Stream DaQ’s API has evolved to support both single-source and multi-source scenarios while maintaining full backward compatibility.

### Traditional Single-Source API

# The original way (still works!)
daq = StreamDaQ().configure(
    source=sensor_data,
    window=Windows.tumbling(60),
    time_column="timestamp"
)
daq.add(dqm.count('readings'), assess=">50", name="volume")
daq.watch_out()

### New Multi-Source Task API

# The new way - explicit tasks
daq = StreamDaQ()

# Task 1: IoT sensors
iot_task = daq.new_task("iot_monitoring")
iot_task.configure(
    source=sensor_data,
    window=Windows.sliding(300, 60),  # Different windowing!
    time_column="sensor_timestamp",
    compact_data=CompactData()
)
iot_task.check(dqm.count('temperature'), must_be=">50", name="temp_volume")

# Task 2: User events
user_task = daq.new_task("user_analytics")
user_task.configure(
    source=user_data,
    window=Windows.tumbling(3600),  # Hourly windows
    time_column="event_time",
    instance="user_id"
)
user_task.check(dqm.distinct_count('action'), must_be=">3", name="engagement")

# Start monitoring all tasks
daq.watch_out()

### Mixed API Usage (Transition Approach)
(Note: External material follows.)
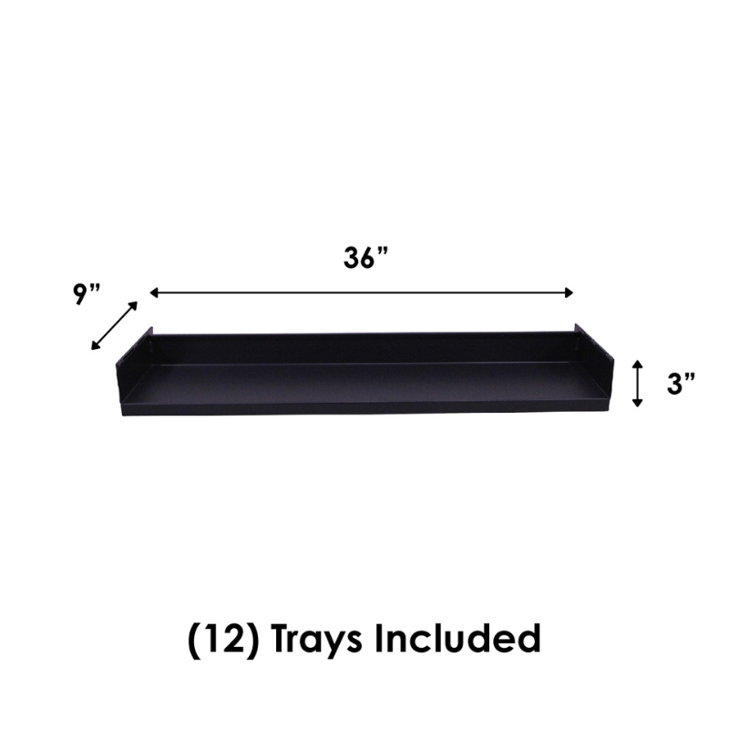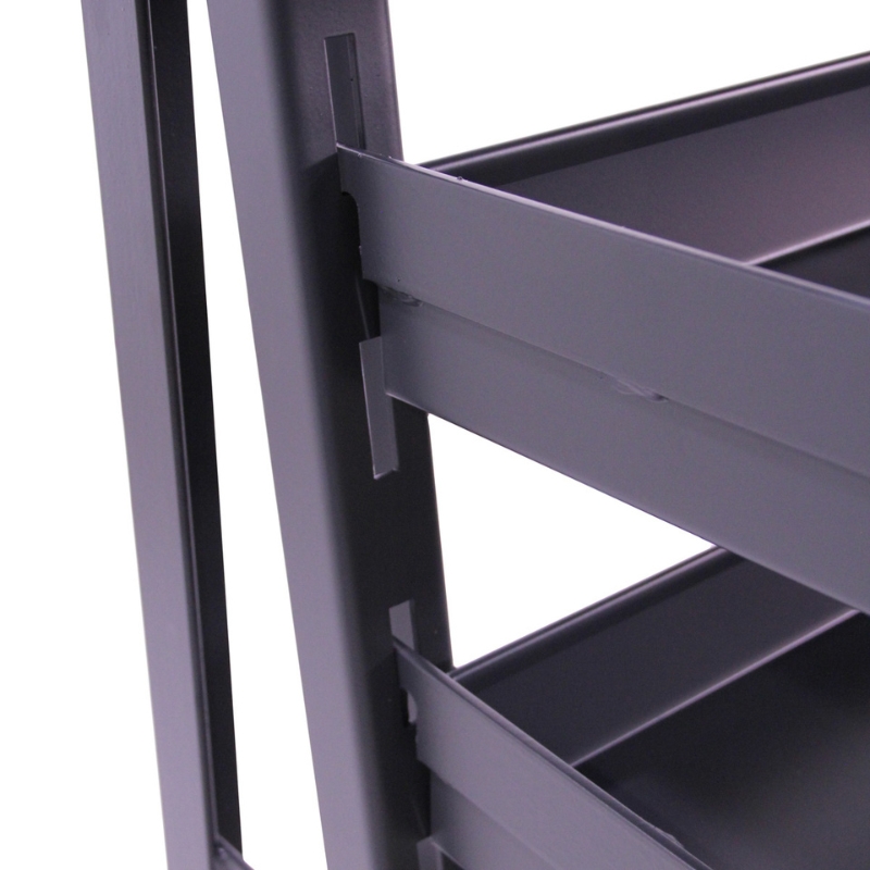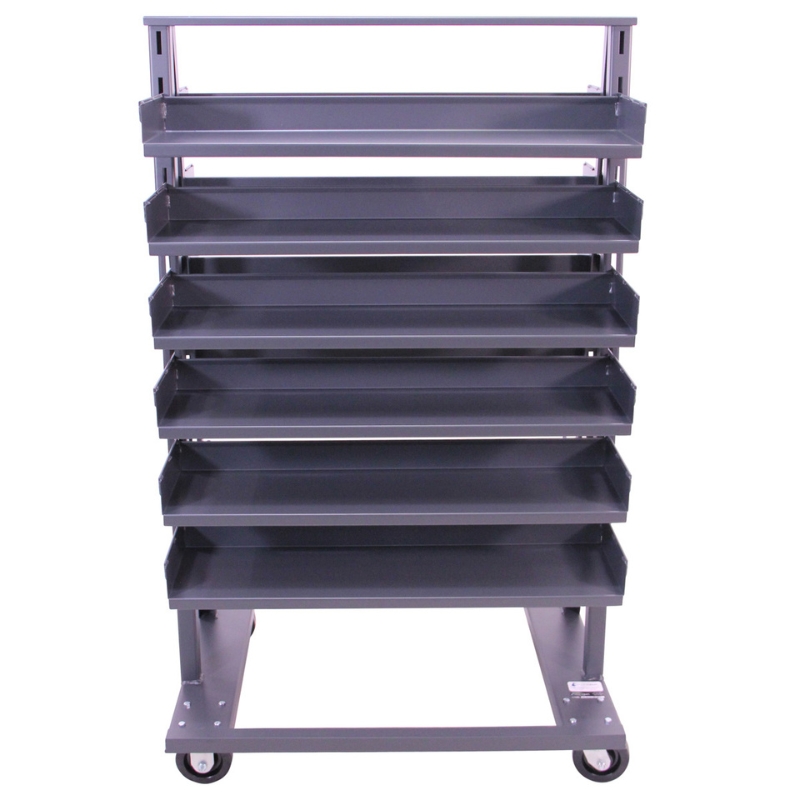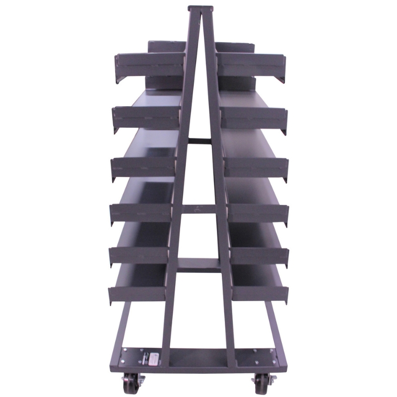 Valley Craft’s (F89064VCGY) Double-Sided Heavy Duty A-Frame Cart weighs 215 lbs. and is built from rugged 12-gauge steel with a gray powder coat finish that supports 5S initiatives. It comes equipped with 12 steel trays and offers options for expansion with additional trays (9”D or 15”D, flush or lipped), dividers, bins, hanger bars, and spindles (sold separately). Made in the U.S.A. and shipped fully assembled.

# Combine old and new approaches
daq = StreamDaQ()

# Keep existing code (backward compatible)
daq.configure(source=legacy_data, window=Windows.tumbling(60), time_column="timestamp")
daq.check(dqm.count('events'), must_be=">10", name="legacy_count")

# Add new tasks
new_task = daq.new_task("additional_monitoring")
new_task.configure(source=new_data, window=Windows.sliding(120, 30), time_column="timestamp")
new_task.check(dqm.mean('values'), must_be="(0, 100)", name="avg_check")

daq.watch_out()  # Monitors both legacy and new tasks

Task Naming and Management#

### Automatic Task Naming

If you don’t provide a name, Stream DaQ automatically generates unique identifiers:

daq = StreamDaQ()
task1 = daq.new_task()  # Automatically named "task_1"
task2 = daq.new_task()  # Automatically named "task_2"
task3 = daq.new_task("custom_name")  # Explicitly named

### Task Management Operations

# List all tasks
task_names = daq.list_tasks()
print(f"Configured tasks: {task_names}")

# Get specific task
iot_task = daq.get_task("iot_monitoring")

# Remove task
daq.remove_task("old_task")

# Get task status
status = daq.get_task_status()
print(f"Total tasks: {status['total_tasks']}")

Critical vs Non-Critical Tasks#

Tasks can be designated as critical or non-critical, affecting error handling behavior:

Critical Tasks 🔴

Failure stops ALL monitoring immediately. Use for safety-critical, security, or financial systems.

Non-Critical Tasks 🟡

Failure is logged but other tasks continue. Use for analytics, reporting, or experimental features.

### Critical Task Examples

# Financial transaction monitoring (critical)
finance_task = daq.new_task("transactions", critical=True)
finance_task.configure(
    source=transaction_data,
    window=Windows.tumbling(60),
    time_column="timestamp",
    wait_for_late=0,  # No tolerance for late financial data
    schema_validator=strict_validator
)

# User analytics (non-critical)
analytics_task = daq.new_task("user_behavior", critical=False)
analytics_task.configure(
    source=user_data,
    window=Windows.tumbling(3600),
    time_column="timestamp"
)

### Error Handling Behavior

try:
    daq.watch_out()
except CriticalTaskFailureError as e:
    print(f"Critical task '{e.task_name}' failed: {e.original_error}")
    print("All monitoring stopped for safety")
    # Implement recovery procedures
except Exception as e:
    print(f"Non-critical task failure: {e}")
    print("Other tasks continue running")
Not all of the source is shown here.